そして、ちゃっちゃか靴を履いてダッシュで丘へ向かった。

自分はゆっくり歩いて行った。

その丘というのは、自分の家の前の坂を登って行く途中にある。

正しくは、坂の途中のわかれ道を登った先にある。

その坂の途中には墓地があり、火の玉が出るとかで騒がれたこともあった。

そのわかれ道のすぐ先に階段がある。上にはただ広い土地があるだけで、子供の遊び場にしかならない。

だから、そこに入るのは99%子連れの親子だ。残り1%はたま〜にカップルなどが入ったるする程度だ。

そんなことを説明しているうちに、丘に着いてしまった。

その丘に着き時計を確認した。9時ちょうどだった。花火大会は9時開始だが、

自分「…見えねぇ」

弟「うん……」

見れなかったのですぐ帰った。何のために来たのやら。

来た時と同じように弟はダッシュで家に向かった。 俺も同じだ。

だが俺は丘から下りたところで、ふと階段のほうを見た。 そこには。一人の女性がいた。

自分「何だあの人?」

彼氏がいるのかと思ったが、そんな人は女性の周辺にはいない。

先に上に行っているのか? 何のためにだ、結構夜遅いし一人にさせることはないだろうしな。

もう少し見ているとその女の人には小指がなかった。

自分「うっ…」

相手には聞こえないような小声で唸ってしまった。病気か?事故か?

そんなことを考えていると、「コツコツコツ…」

女性は階段のところにはいって行った。

気になったのですぐに見に行った。

見るとそこには何かを探しているかのように、地べたに這いつくばっている女性がいた。

何をしているのか気になったが、これ以上やったらストーカーと勘違いされれのではないかと思い、家に向かおうとした。

だが、妙に気になったためあと一回だけさっきの女性を見ることにした。

もう一度見ると女性はこっちを向いていた。

自分は驚いた。
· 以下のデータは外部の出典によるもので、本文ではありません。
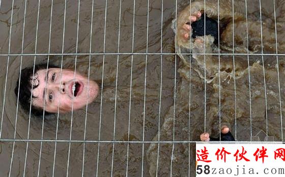 选手淡定地游过覆盖铁丝网的水塘。强悍泥人里面与水有关的项目很多,其中不少和铁丝网甚至电线有机结合:一项名叫“电鳗”的障碍项目就要求选手们穿过挂满通电电线的水塘,中途不少人被电得哇哇叫。
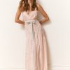 The Marzenia Top returns for the season with a striped cotton voile fabric featuring a ditsy floral print all over. This Victorian-inspired piece features textured stripes, a smocked bodice to the empire waist and a charming flutter peplum adorned with lace trims and delicate tucking. Adjustable spaghetti straps ensure a perfect fit, making it ideal for pairing with skirts or denim for both casual and elegant occasions.
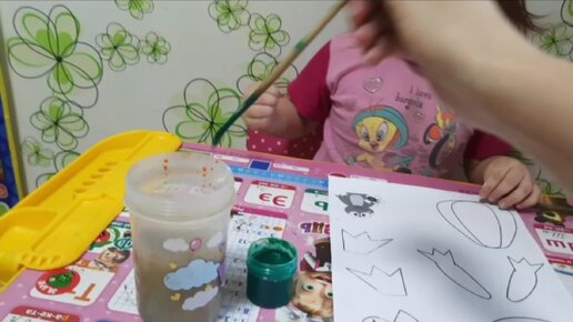 Настя учится рисовать кистью.Насте 2г.10мес.
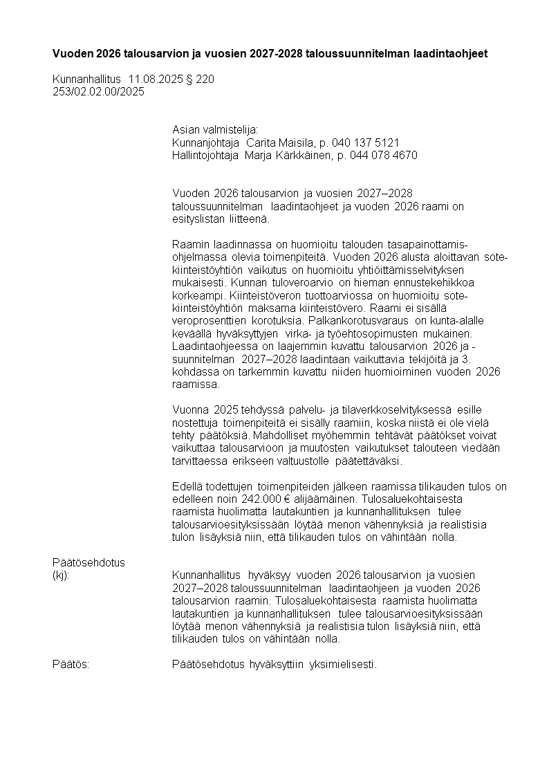 Pöytäkirja 11.08.2025/Pykälä 220
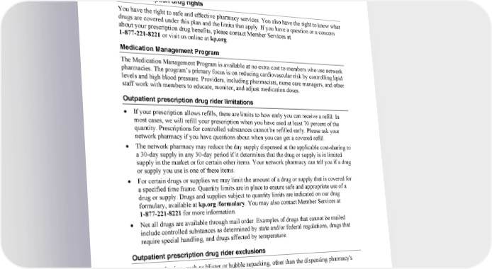 • delay in treatment would result in imminent emergency care, hospital admission or might seriously jeopardize the life or health of the patient or others in contact with the patient. An emergency fill must be received at a network pharmacy and is subject to the applicable cost- sharing shown in the Medical Benefits Chart. An emergency fill is limited to no more than a seven-day supply or the minimum packaging size available. Your prescription drug rights You have the right to safe and effective pharmacy services. You also have the right to know what drugs are covered under this plan and the limits that apply. If you have a question or a concern about your prescription drug benefits, please contact Member Services at 1-877-221-8221 or visit us online at kp.org. Medication Management Program The Medication Management Program is available at no extra cost to members who use network pharmacies. The program’s primary focus is on reducing cardiovascular risk by c ontrolling lipid levels and high blood pressure. Providers, including pharmacists, nurse care managers, and other staff work with members to educate, monitor, a nd adjust medication doses. Outpatient prescription drug rider limitations • If your prescription allows refills, there are limits to how early you can receive a refill. In most cases, we will refill your prescription when you have used at least 70 percent of the quantity. P rescriptions for controlled substances cannot be refilled early. Please ask your network pharmacy if you have questions about when you can get a covered refill. • The network ph armacy may reduce the day supply dispensed at the applicable cost-sharing t o a 30-day supply in any 30-day period if it determines that the drug or supply is in limited supply in the market or for certain other items. Your network pha rmacy can tell you if a drug or supply you use is one of these items. • For certain drugs or supplies we may limit the amount of a drug or supply that is covered for a specified time frame. Quantity limits are in place to ensure safe and appropriate use of a drug or supply. Drugs and supplies subject to quantity limits are indicated on our drug formulary, available at kp.org /formulary. You may also contact Member Services at 1-877-221-8221 for more information. • Not all drugs are available through mail order. Examples of drugs that cannot be mailed include controlled substances as determined by state and/or federal regulations, drugs that require special handling, and drugs affected by temperature. Outpatient prescription drug rider exclusions • Any packaging, such as blister or bubble repacking, other than the dispensing pharmacy's standard packaging. • Brand-name drugs for which a generic drug is available, unless approved. Refer to the "Prior authorization and step therapy prescribing criteria" section in this rider. • Drugs prescribed for an indication if the FDA has determined that use of that drug for that indication is contraindicated. RSARX0124 5

なんでこっちを向いたんだ?

まぁいいだろう。これ以上いたらガチでストーカーになっちまう。今怪しまれたかもしれないしな。

回れ右、顔をあげてダッシュ!しようとした瞬間

なぜか「ドキンッ」と心臓がなった。

回れ右した目線の先にあるカーブミラーに、先ほどの女性が映っていた。

そしてだんだん近づいてくる。なぜか足が動かない。動け動けと念じても動かないものは動かない。

なぜか体中が逃げろと命令しているような気さえした。

そしてその女性は自分の肩に顔を乗せてこう言った。

女性「お前は私の気持ちが分かるか?」

自分「うわぁぁぁぁぁ!!!」

自分は走り出した。恐怖により動けなかったのか、あいつが何かしたのか知らんが、今なら○サイン・○ルトより速く100mを走れる気までした。
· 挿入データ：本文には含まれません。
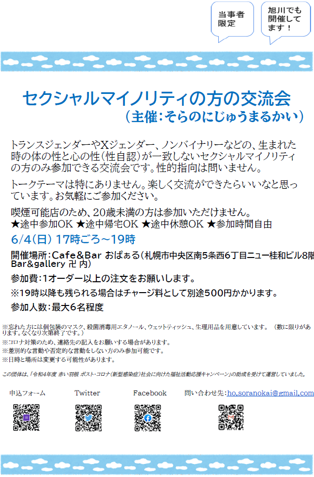 6月4日(日)に、空の会/そらのにじゅうまるかい様主催の、トランスジェンダー、Xジェンダー、ノンバイナリなど「割り当てられた性と性アイデンティティが一致しない」当事者の交流会がございます。
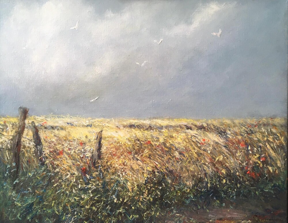 Els Vertommen; Na mijn academietijd heeft vooral het landschap mijn aandacht gekregen. Zowel het golvende Limburgse land met zijn oude meidoornhagen knotwilgen en holle wegen, als ook het Hollandse land, de vlakte met mooie wolkenpartijen, zijn voor mij een inspiratiebron.Mijn werken zijn: Poëtisch realistisch, Romantisch, Klassiek, Impressionistisch en worden geschilderd met begeleiding van klassieke muziek.
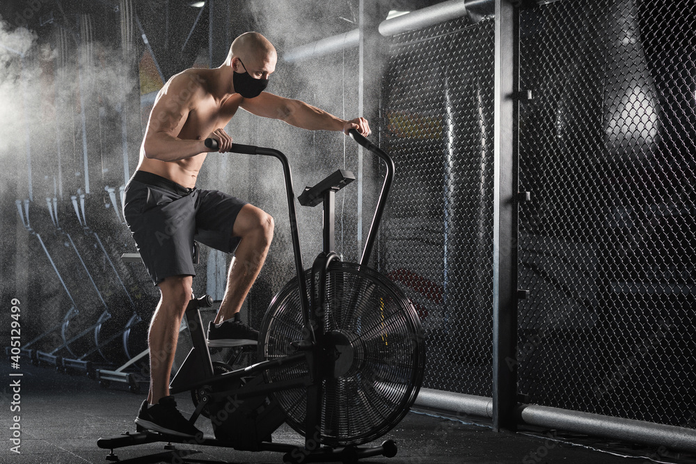 Young Man in Face Mask doing Exercise on Spin Bike in dark Fitness Gym. Guy Riding on Spinning Bike. Training during self-isolation COVID. Healthy Lifestyle and Sport Concepts. Functional training.
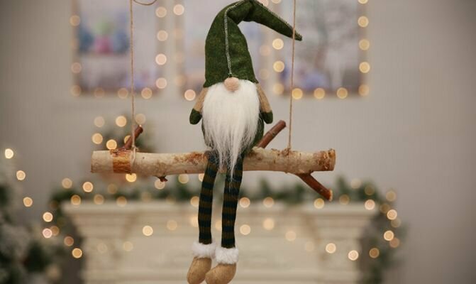 Новогодня игрушка DaV скандинавский гном домовой, мягкая, зеленый, р-р 50х11 см информация:
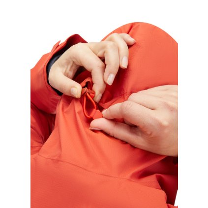 Rab použil vlastní membránu Proflex v 2,5 vrstvé variantě s 20D (délková hustota vlákna) v gramáži 72 g/m2. Díky tomuto materiálu bunda nabízí standardní parametry vodního sloupce/prodyšnosti 20/20 při zachování nízké hmotnosti (219 gramů ve vel. M). Přidej k tomu parádní sbalitelnost, hodně solidní cenovku a máme tu kandidáta na nepromokavou bundu roku. U Rab Downpour Light najdeš vše, na co si byl zvyklý u léty prověřeného Rab Downpour. Dostatečně velká kapuce s pružným kšiltíkem. Ta v pohodě pojme i lezeckou přilbu, ale díky vychytanému stahování skvěle funguje i při běžném použití bez helmy.
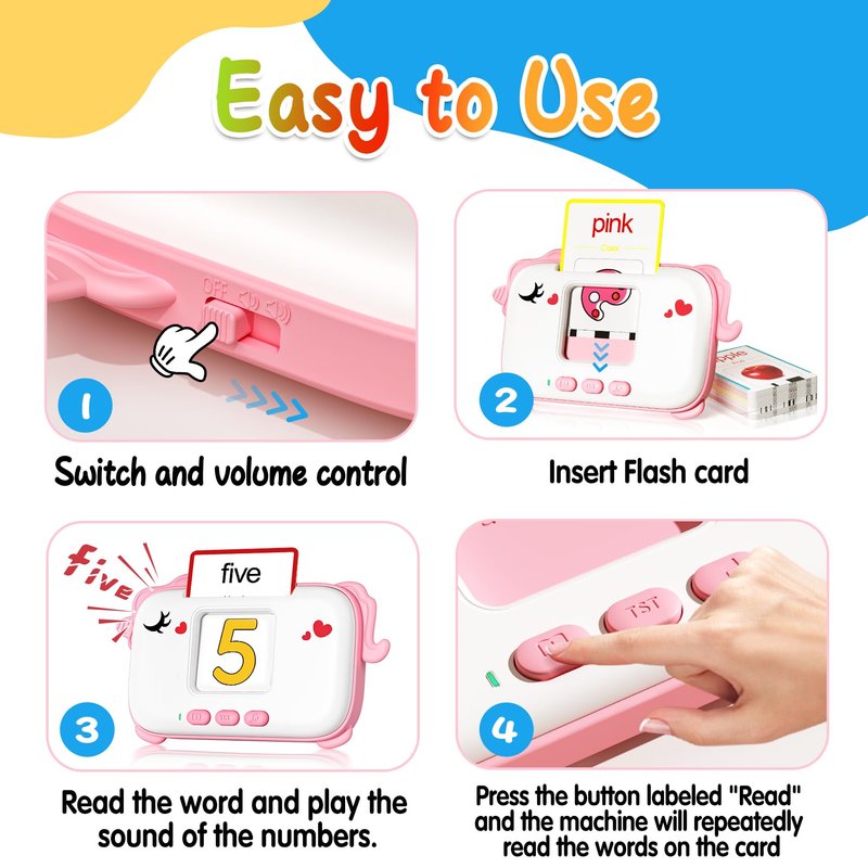 - [Learning Toys]: Talking flash cards, teaching children to listen, read and speak. It can not only be used as early education, learning machine, children's toys, etc. It is also a good helper for my mother. There are 4 children's songs built in, which can liberate my mother's hands!
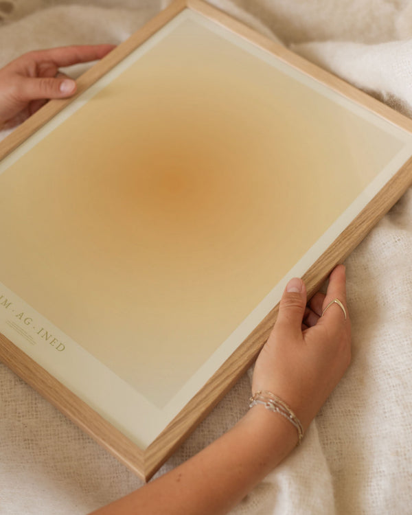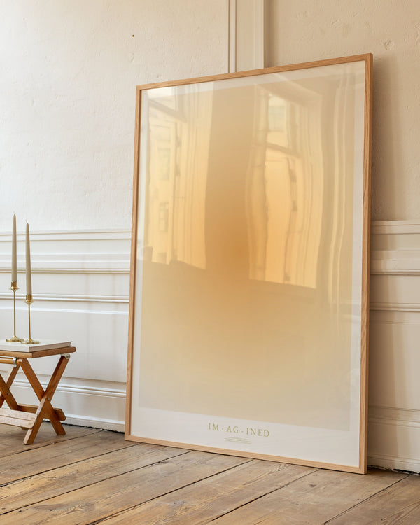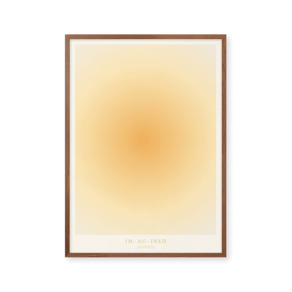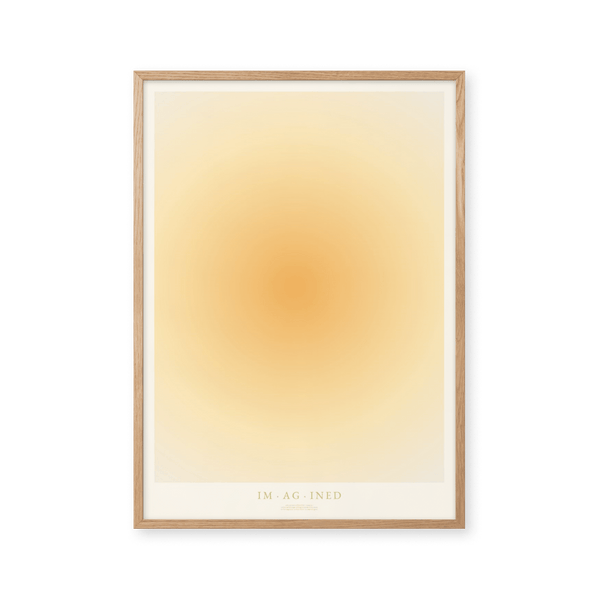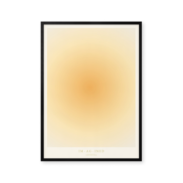 The art poster: "IMAGINED" by artists Mie & Him is a graphically illustrated poster curated by Peléton. It has been important to them that the poster is open to interpretation. The color yellow symbolizes happiness and imagination - a cheerful color that stimulates enthusiasm and confidence. This work is part of a collection of independent words and their lexical definitions.

だがあの女は「待てぇぇぇぇぇ」と言わんばかりに追いかけてきた。

自分は息を切らしながら家に着いた。そして勢いよく扉を開けた。あぁ助かった…

しかしそこに待っていたのは同じ扉だった。

自分「…え?」

また開けても開けても開けても扉だった。

女性「もう逃げられないよ。君も私の気持ちを分からないんだね…」

あいつが追い付いてきた。あいつは巨大なのこぎりを取り出した。

自分「やめろ!!やめてくれ!!うわぁぁぁぁぁぁ!!!!!!・・・・・・」

その後自分は遺体となって発見された。その傷はのこぎりによってだと判断され、体は3つに切り刻まれていた。

それは、墓地にひとつ、カーブミラーの前にひとつ、階段の下にひとつ置いてあった。

しかし、小指だけはいくら探しても見つからなかった。

このときは異常な犯罪者の犯行だとされた。が、ここに古くから住むある老人はこんなことを言っていた。
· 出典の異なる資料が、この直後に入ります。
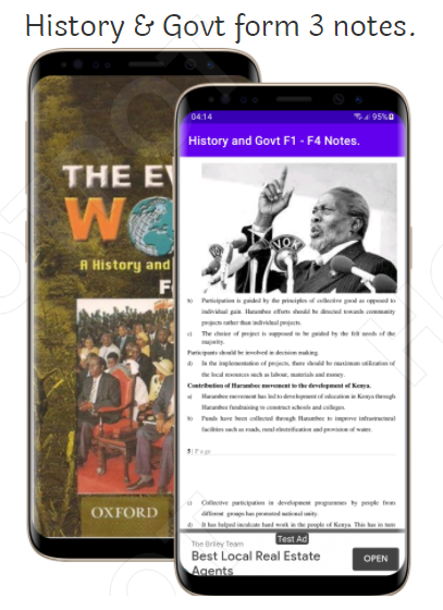 Aplikasi ini menampilkan formulir 1 - formulir 4 Sejarah catatan standar KCSE.
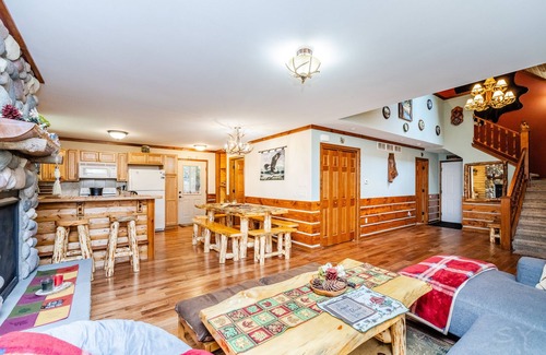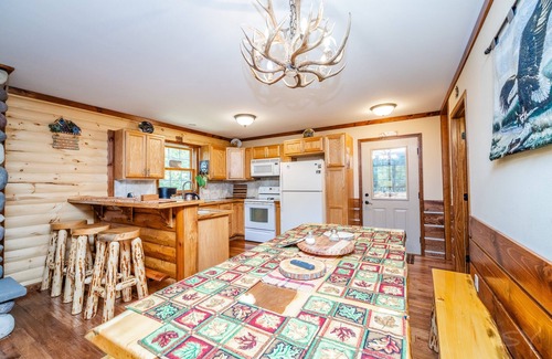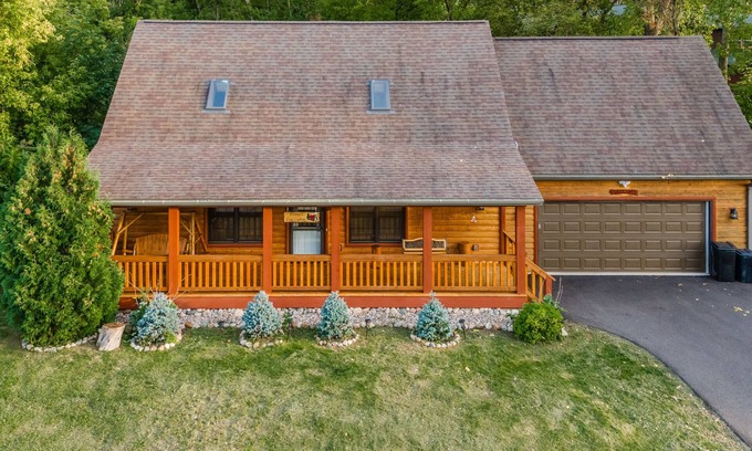 We just finished our third cozy cabin in a very popular Tranquility subdivision of Baraboo. This location is highly desirable. We are close to everything. Devils Lake State Park is one mile away, Tumbled Rock Brewery & Kitchen is steps away, Wisconsin Dells is less than 20 minutes away, golf club is one mile away. There are two ski resorts - Devil’s Head Resort located only 6 miles away from our cabin, and Cascade Mountain - that is located 12 miles away. Baraboo has a beautiful downtown, grocery stores are minutes away. This is our third cabin on the market. We just remodeled everything from the top to bottom. On the second level there are two bedrooms and loft. First bedroom has a queen and full bunk bed, and a full bathroom. Second bedroom has a full and twin bunk bed, and a full bath. There is a loft, with a queen bed and futon. Master bedroom is on the main floor with a beautiful aspen log queen bed , futon, and full bathroom. Living room has L-shape sofa, cozy gas fireplace, smart tv ( Roku tv ), and of course high speed internet. Kitchen has a huge log dining table for 10 people, all of the kitchen equipment you would need for cook preparation and cooking, coffee maker, toaster etc… Back side has a beautiful porch with table and benches. Behind the house is nice fire pit with the benches around. There is also a Propane grill. In the attached garage you will find a second refrigerator, small pool table and foosball table, and some yard games. Elina’s log cabin has the best location in whole subdivision. On asphalt driveway you can easily park up to 4 cars. Our cabin is design for 9 adults, but it can accommodate up to 12 including children.
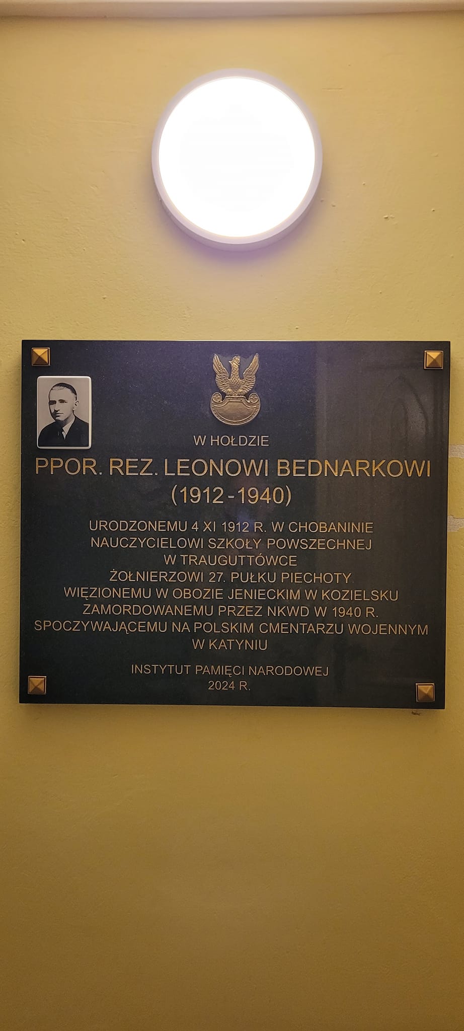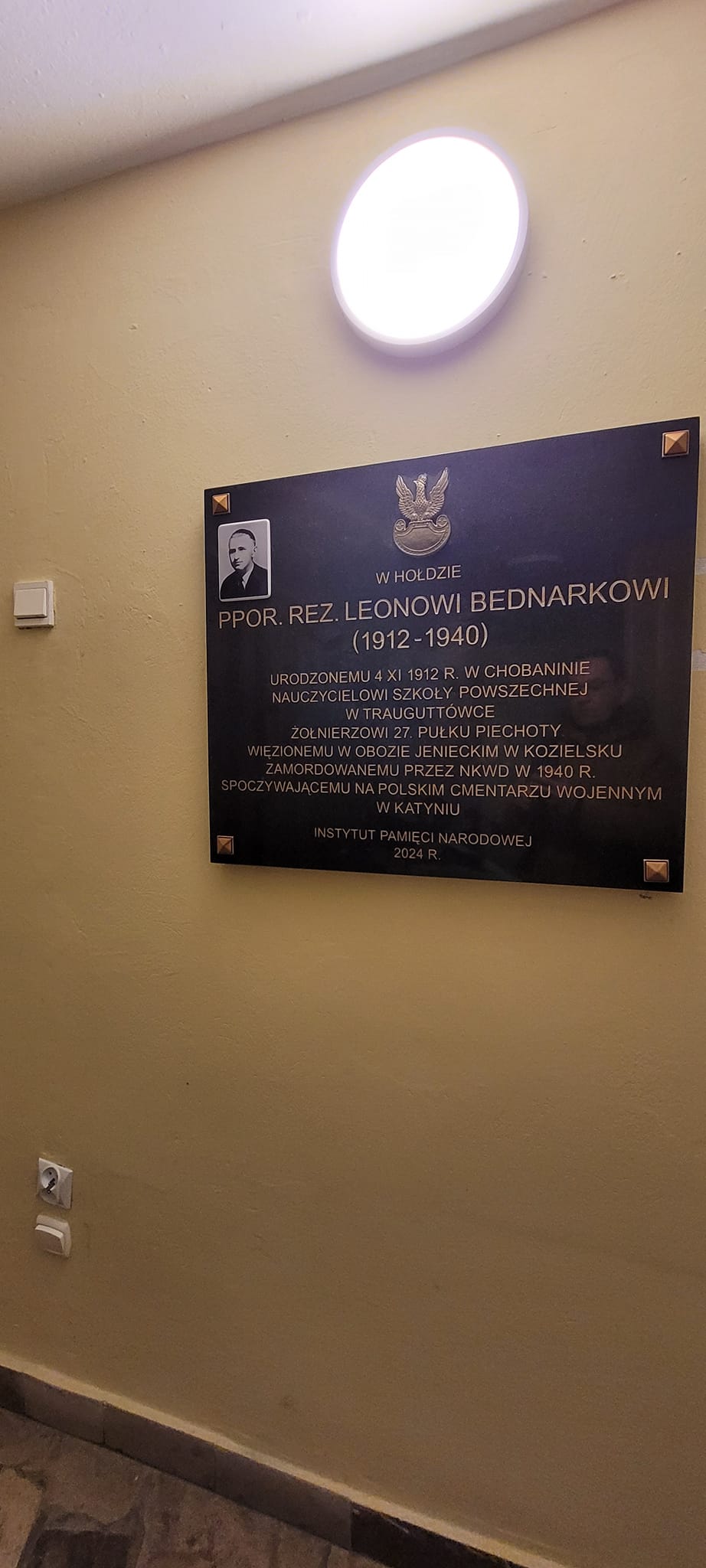 Oddział Instytutu Pamięci Narodowej – Komisja Ścigania Zbrodni przeciwko Narodowi Polskiemu w Łodzi przy współpracy z naszą Parafią, z inicjatywy Dawida Boryczki, upamiętnił naszego Parafianina, pochodzącego z Chobanina, zamordowanego w Katyniu przez NKWD w 1940 roku – podporucznika rezerwy Leona Bednarka.

昔々ここにはある美しい女性が住んでいた。その女性はそれはそれはたくさんの方々に愛の告白をされた。

だが彼女はそれらすべてを断った。彼女が本当に好いている男性はすでに天に召されていて、その方以外は愛さないと決めたからだった。

しかし、それが気に食わなかった男が三人いた。その男共はある決断をする、今にして思えば戯けた奴らだった。

他の男にとられるなら、自分たちの手で殺してしまおうと…。

その男共はその女を殺し平等に分け合った。つまり、殺した女をのこぎりで3つに分けたのだ。

その男共は満足だった。がしばらくしてその男共は遺体で発見される。

体をのこぎりで3つに切り刻まれて、それぞれ自分の家と他の男どもの家に1つずつ置かれてな。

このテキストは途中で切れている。